== INPUT DATA

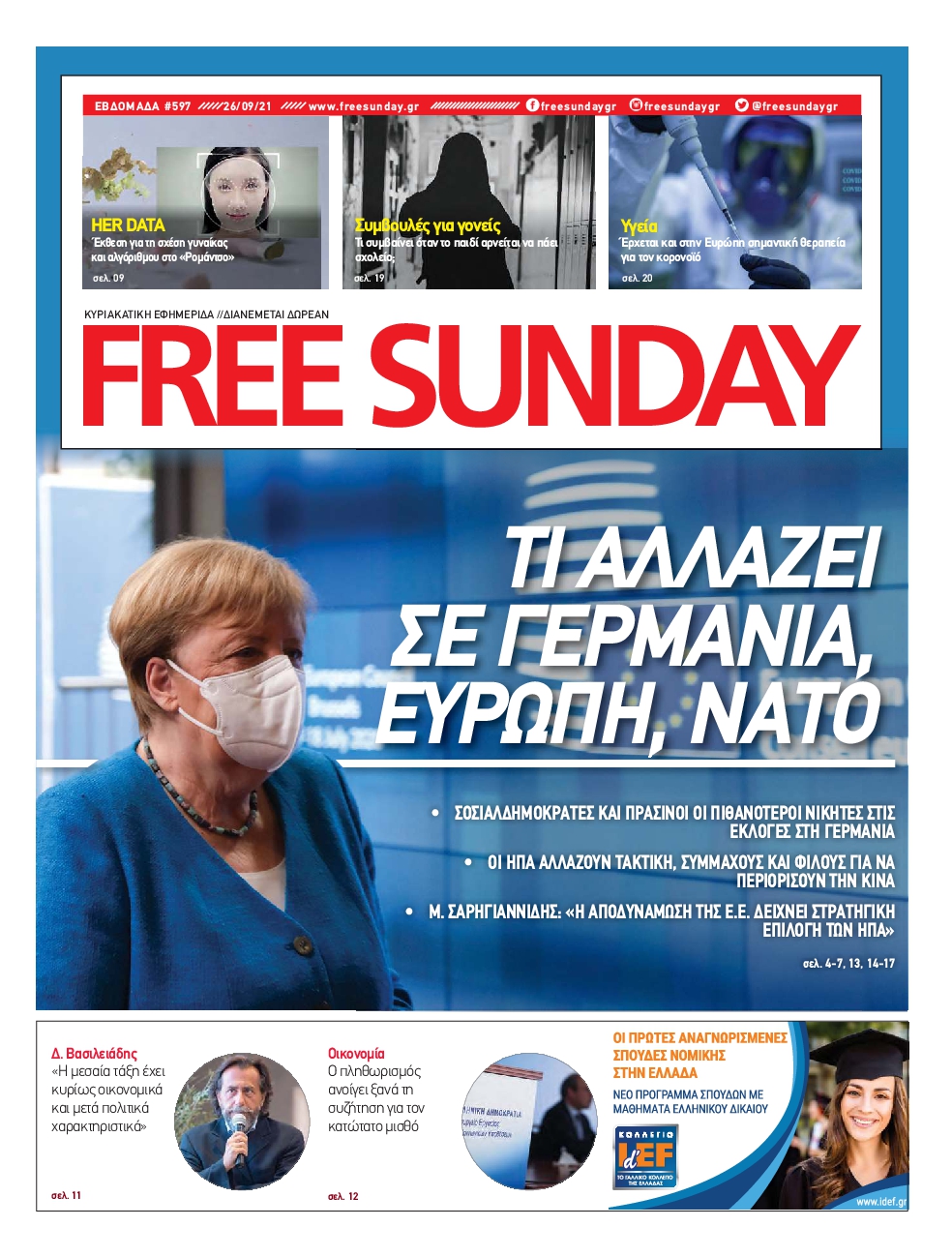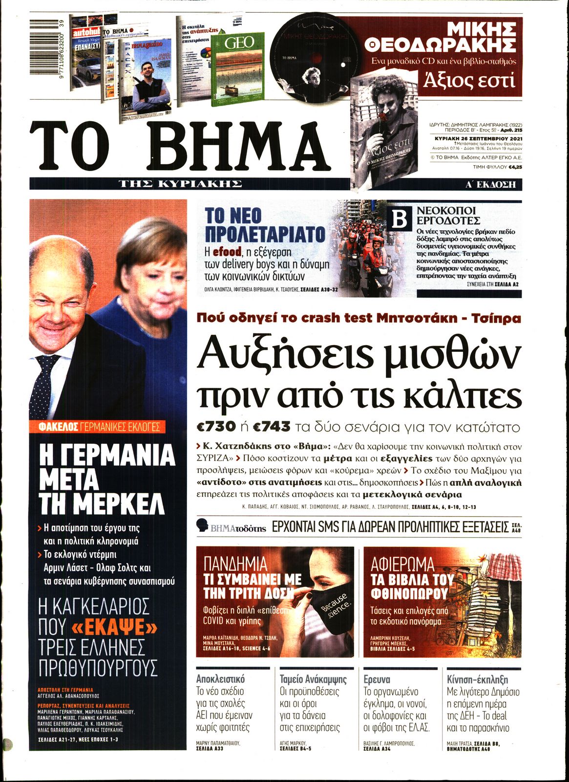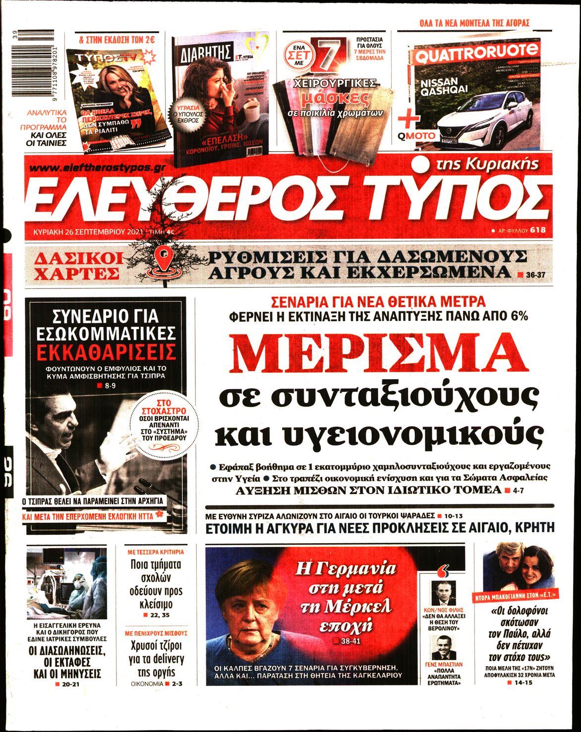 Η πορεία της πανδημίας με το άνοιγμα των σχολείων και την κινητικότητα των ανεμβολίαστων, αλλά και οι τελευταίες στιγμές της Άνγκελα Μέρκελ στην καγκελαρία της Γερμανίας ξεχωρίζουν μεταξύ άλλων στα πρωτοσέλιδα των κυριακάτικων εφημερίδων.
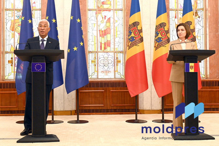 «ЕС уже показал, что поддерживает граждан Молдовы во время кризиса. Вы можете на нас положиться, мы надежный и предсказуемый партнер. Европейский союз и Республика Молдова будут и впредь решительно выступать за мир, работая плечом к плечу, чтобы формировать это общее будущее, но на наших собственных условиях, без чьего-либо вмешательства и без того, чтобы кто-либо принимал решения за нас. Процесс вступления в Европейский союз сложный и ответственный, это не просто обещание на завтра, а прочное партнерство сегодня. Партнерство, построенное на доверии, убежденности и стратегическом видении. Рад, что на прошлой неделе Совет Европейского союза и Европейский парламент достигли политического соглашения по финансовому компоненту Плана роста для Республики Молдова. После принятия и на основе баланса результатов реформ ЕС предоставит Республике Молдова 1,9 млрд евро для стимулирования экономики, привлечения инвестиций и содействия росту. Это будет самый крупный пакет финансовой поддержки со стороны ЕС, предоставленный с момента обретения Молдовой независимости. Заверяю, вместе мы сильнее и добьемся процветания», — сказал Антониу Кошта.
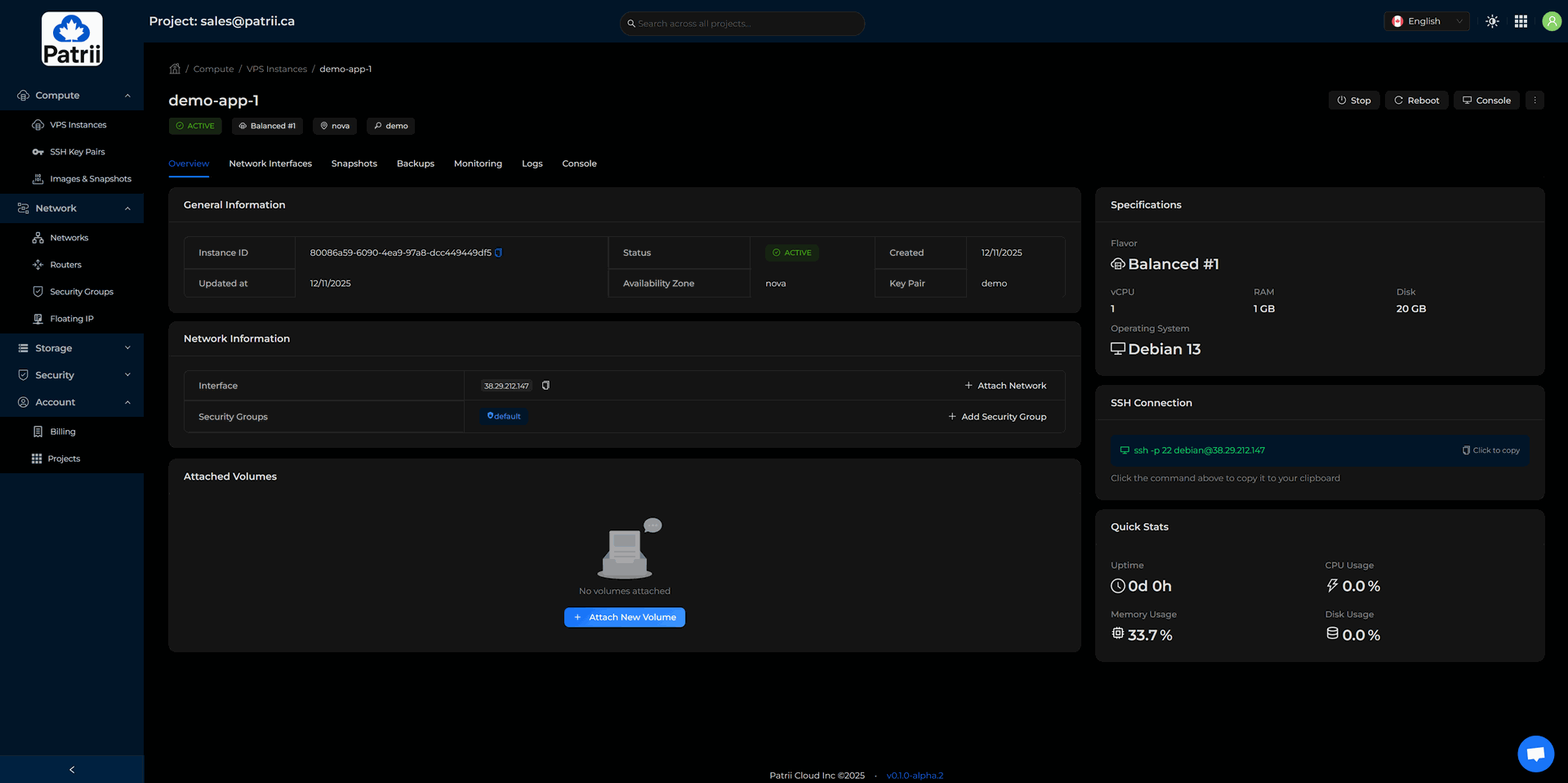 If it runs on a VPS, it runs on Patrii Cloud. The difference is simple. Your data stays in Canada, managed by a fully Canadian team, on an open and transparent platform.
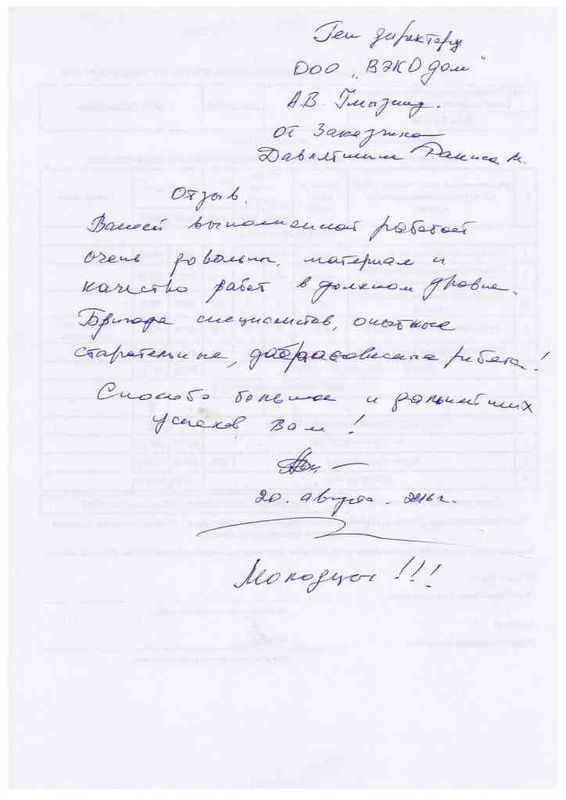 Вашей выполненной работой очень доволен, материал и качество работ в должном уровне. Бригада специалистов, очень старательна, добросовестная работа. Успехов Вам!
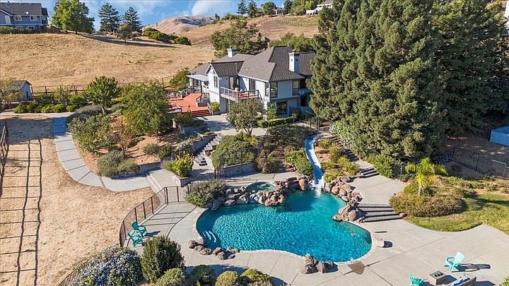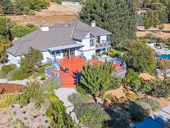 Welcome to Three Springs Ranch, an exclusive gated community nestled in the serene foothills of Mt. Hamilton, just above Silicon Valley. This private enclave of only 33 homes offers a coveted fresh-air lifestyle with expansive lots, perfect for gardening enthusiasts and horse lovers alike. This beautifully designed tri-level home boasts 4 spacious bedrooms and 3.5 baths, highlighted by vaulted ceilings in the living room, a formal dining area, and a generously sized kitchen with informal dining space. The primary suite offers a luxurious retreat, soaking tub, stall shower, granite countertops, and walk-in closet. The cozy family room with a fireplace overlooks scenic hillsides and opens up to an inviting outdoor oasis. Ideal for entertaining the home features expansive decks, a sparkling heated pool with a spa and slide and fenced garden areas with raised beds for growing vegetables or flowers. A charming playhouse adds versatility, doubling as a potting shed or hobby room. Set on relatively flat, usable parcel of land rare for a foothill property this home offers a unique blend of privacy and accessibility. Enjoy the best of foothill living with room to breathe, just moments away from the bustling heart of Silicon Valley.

====

WHAT THE TASK REQUIRES:
Omitting the pictures, write out the material above exactly as it stands.

FINAL ANSWER:
 Η πορεία της πανδημίας με το άνοιγμα των σχολείων και την κινητικότητα των ανεμβολίαστων, αλλά και οι τελευταίες στιγμές της Άνγκελα Μέρκελ στην καγκελαρία της Γερμανίας ξεχωρίζουν μεταξύ άλλων στα πρωτοσέλιδα των κυριακάτικων εφημερίδων.
 «ЕС уже показал, что поддерживает граждан Молдовы во время кризиса. Вы можете на нас положиться, мы надежный и предсказуемый партнер. Европейский союз и Республика Молдова будут и впредь решительно выступать за мир, работая плечом к плечу, чтобы формировать это общее будущее, но на наших собственных условиях, без чьего-либо вмешательства и без того, чтобы кто-либо принимал решения за нас. Процесс вступления в Европейский союз сложный и ответственный, это не просто обещание на завтра, а прочное партнерство сегодня. Партнерство, построенное на доверии, убежденности и стратегическом видении. Рад, что на прошлой неделе Совет Европейского союза и Европейский парламент достигли политического соглашения по финансовому компоненту Плана роста для Республики Молдова. После принятия и на основе баланса результатов реформ ЕС предоставит Республике Молдова 1,9 млрд евро для стимулирования экономики, привлечения инвестиций и содействия росту. Это будет самый крупный пакет финансовой поддержки со стороны ЕС, предоставленный с момента обретения Молдовой независимости. Заверяю, вместе мы сильнее и добьемся процветания», — сказал Антониу Кошта.
 If it runs on a VPS, it runs on Patrii Cloud. The difference is simple. Your data stays in Canada, managed by a fully Canadian team, on an open and transparent platform.
 Вашей выполненной работой очень доволен, материал и качество работ в должном уровне. Бригада специалистов, очень старательна, добросовестная работа. Успехов Вам!
 Welcome to Three Springs Ranch, an exclusive gated community nestled in the serene foothills of Mt. Hamilton, just above Silicon Valley. This private enclave of only 33 homes offers a coveted fresh-air lifestyle with expansive lots, perfect for gardening enthusiasts and horse lovers alike. This beautifully designed tri-level home boasts 4 spacious bedrooms and 3.5 baths, highlighted by vaulted ceilings in the living room, a formal dining area, and a generously sized kitchen with informal dining space. The primary suite offers a luxurious retreat, soaking tub, stall shower, granite countertops, and walk-in closet. The cozy family room with a fireplace overlooks scenic hillsides and opens up to an inviting outdoor oasis. Ideal for entertaining the home features expansive decks, a sparkling heated pool with a spa and slide and fenced garden areas with raised beds for growing vegetables or flowers. A charming playhouse adds versatility, doubling as a potting shed or hobby room. Set on relatively flat, usable parcel of land rare for a foothill property this home offers a unique blend of privacy and accessibility. Enjoy the best of foothill living with room to breathe, just moments away from the bustling heart of Silicon Valley.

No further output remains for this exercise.